Exercise inputs.

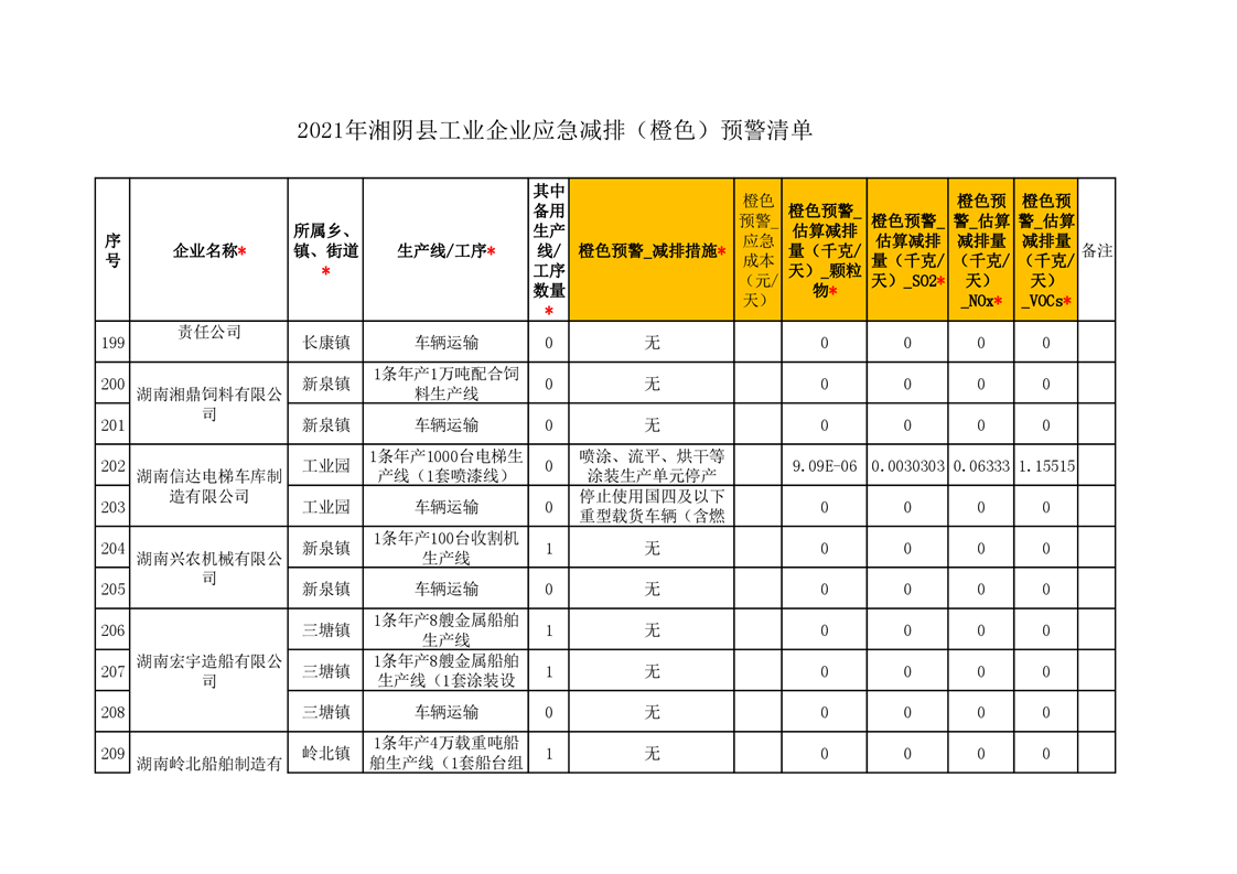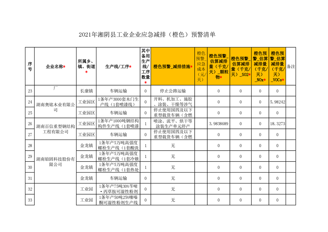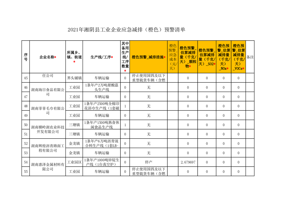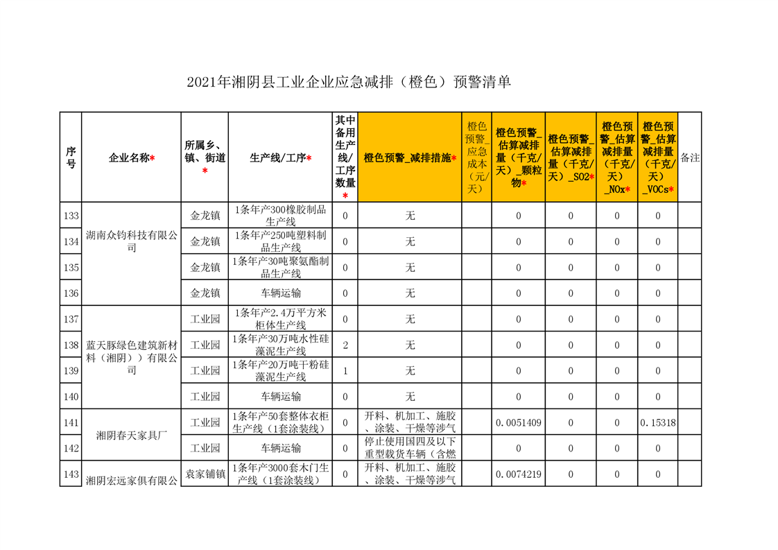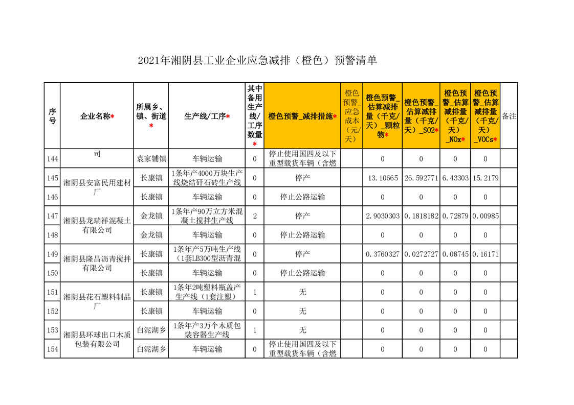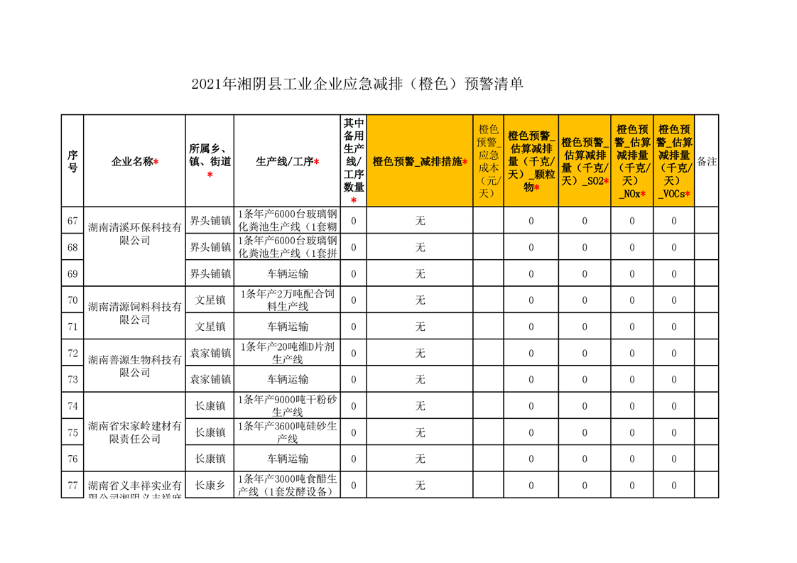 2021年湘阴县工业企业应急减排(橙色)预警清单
...
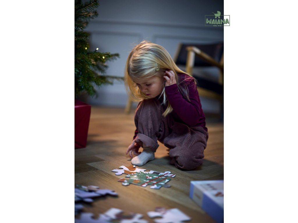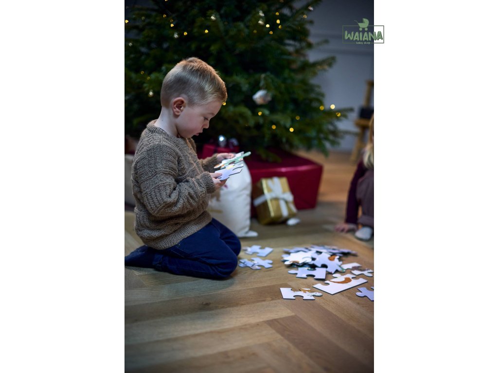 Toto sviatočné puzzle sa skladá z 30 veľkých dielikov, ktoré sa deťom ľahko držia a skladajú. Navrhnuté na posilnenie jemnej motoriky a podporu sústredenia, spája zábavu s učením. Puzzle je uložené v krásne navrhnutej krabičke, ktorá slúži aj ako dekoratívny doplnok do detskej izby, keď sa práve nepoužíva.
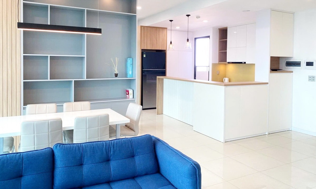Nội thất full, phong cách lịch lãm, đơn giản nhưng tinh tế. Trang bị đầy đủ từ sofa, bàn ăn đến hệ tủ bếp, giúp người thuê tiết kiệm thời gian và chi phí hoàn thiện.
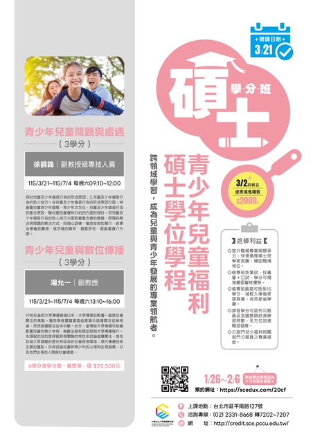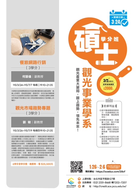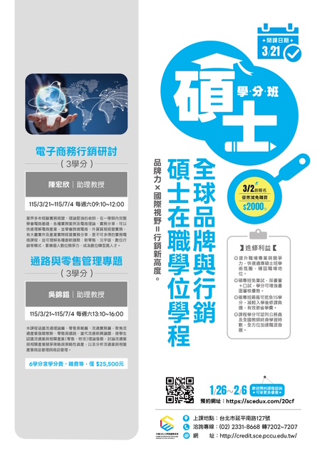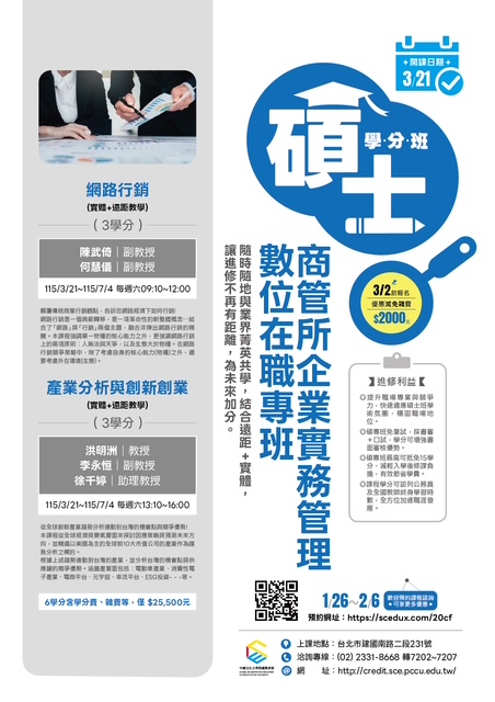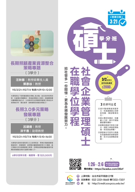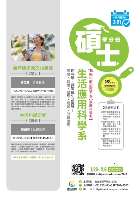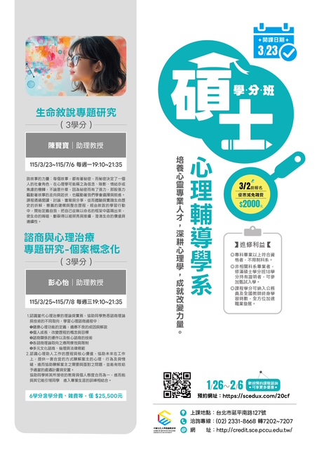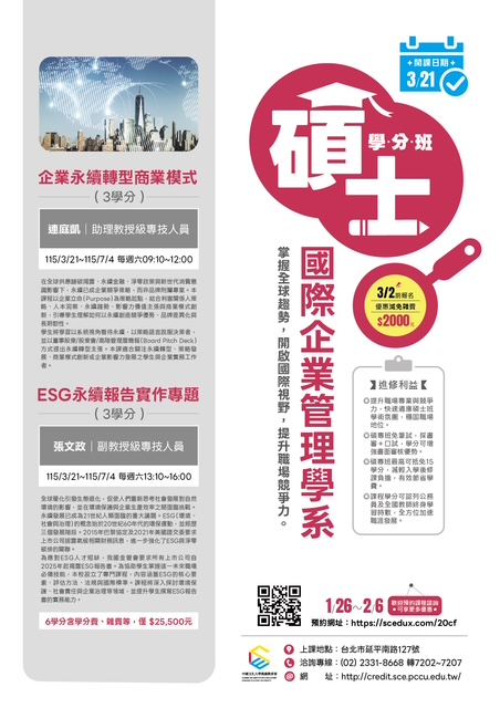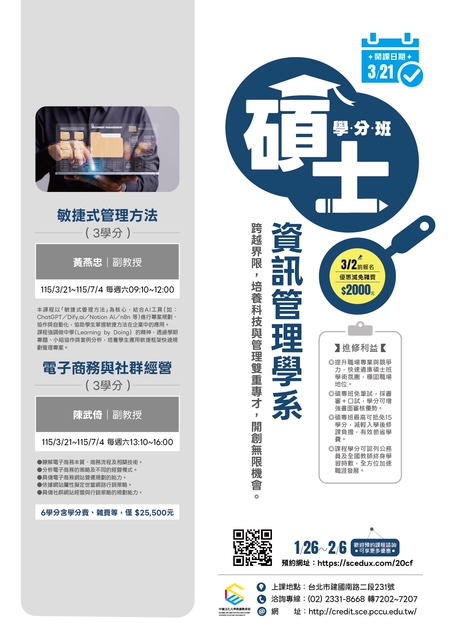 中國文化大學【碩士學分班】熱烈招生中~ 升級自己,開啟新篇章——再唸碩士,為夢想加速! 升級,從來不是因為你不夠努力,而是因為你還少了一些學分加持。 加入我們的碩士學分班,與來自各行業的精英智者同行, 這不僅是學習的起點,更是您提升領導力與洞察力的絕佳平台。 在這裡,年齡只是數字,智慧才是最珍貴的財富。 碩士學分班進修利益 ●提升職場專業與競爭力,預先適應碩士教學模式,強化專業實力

Your objective. Which part of the entries opens with the line containing "Nội thất full, phong" and closes with the line containing "在這裡,年齡只是數字,智慧才是最珍貴的財富。 碩士學分班進修利益 ●提升職場專業與競爭力,預先適應碩士教學模式,強化專業實力"? Output that part exactly, ends included, pictures excluded.

Task response.
Nội thất full, phong cách lịch lãm, đơn giản nhưng tinh tế. Trang bị đầy đủ từ sofa, bàn ăn đến hệ tủ bếp, giúp người thuê tiết kiệm thời gian và chi phí hoàn thiện.
 中國文化大學【碩士學分班】熱烈招生中~ 升級自己,開啟新篇章——再唸碩士,為夢想加速! 升級,從來不是因為你不夠努力,而是因為你還少了一些學分加持。 加入我們的碩士學分班,與來自各行業的精英智者同行, 這不僅是學習的起點,更是您提升領導力與洞察力的絕佳平台。 在這裡,年齡只是數字,智慧才是最珍貴的財富。 碩士學分班進修利益 ●提升職場專業與競爭力,預先適應碩士教學模式,強化專業實力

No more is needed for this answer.